人生、予想と違う結果に驚くことは多い。結婚してみたら不幸せだったとか。
たしかに人生は結果的に予想と異なる方向に進んでしまうこともあるが、想定と本質が違っていることも多い。
世の中は結婚することは幸せであるという前提に成り立っている。しかし、それが必ずしも本質ではないことは多くの例証が物語っていることである。現状維持も地獄だが、手放すのは更に地獄という、銀座のビルのような様相を呈することも多い。
タヒチも誤った前提のもとに訪れた島だった。チケット購入から出発まで二週間。そのなかでのタヒチのイメージは「南半球にある温暖な島」ということだった。今年の冬は寒かったから、「温暖」は歓迎すべきキーワードである。この、大体において歓迎すべき雰囲気こそ、結婚の想定と本質に関する大いなる誤解に極めて近い。
タヒチ到着前、飛行機からはライトブルーの海が見えた。現実とは思えないような色の海である。まさに楽園だと思った。
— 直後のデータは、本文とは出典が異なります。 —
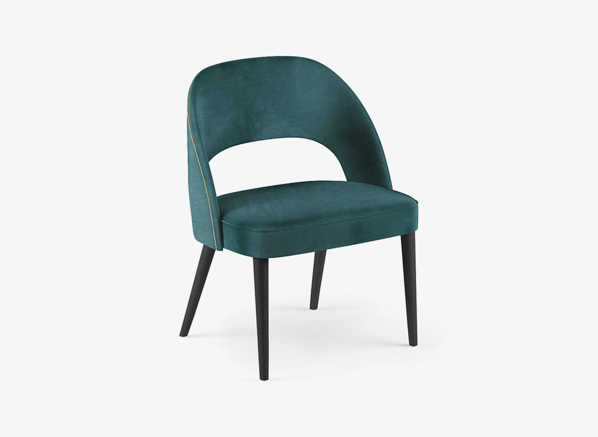 Fully upholstered wide dining side chair with timber legs.

しかし、飛行機が空港に到着してタラップに出ると、そこには現実があった。暖かいというよりは、むしろ熱気である。汗ばむ陽気。まさに夏である。この時期に南半球の温暖な場所に行くということは、夏の中でも特に暑い場所に行くことである。そして僕は暑いのは嫌いなのだ。理想と現実の違いを思い知らされた気がした。たぶん結婚して半月くらいすると、こういう気分になるのだろう。
幸か不幸かタヒチには厳格なドレスコードはない。空港を一歩出ると、短パン裸足のオッサンとか、薄着のおねいさんとかがウヨウヨしている。毛むくじゃらの足とか、余分な肉を露出することに抵抗のない文化らしい。僕も赤いアロハシャツと短いズボンに着替え、サンダルを履いてみた。
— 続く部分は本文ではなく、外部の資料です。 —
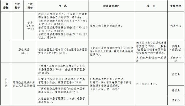 北仑区青年量化积分申报公租房租赁补贴计分表

そうこうしていると、それなりに快適になってきた。ホテルにはエアコンもある。海に近いから風もある。翌日には暑さは気にならないほどだ。現実にあわせて生きていく術を身につけたようである。
結婚とタヒチは似ている。しかし、タヒチは本質的に善と言えるが、結婚の本質は誰にも分からない。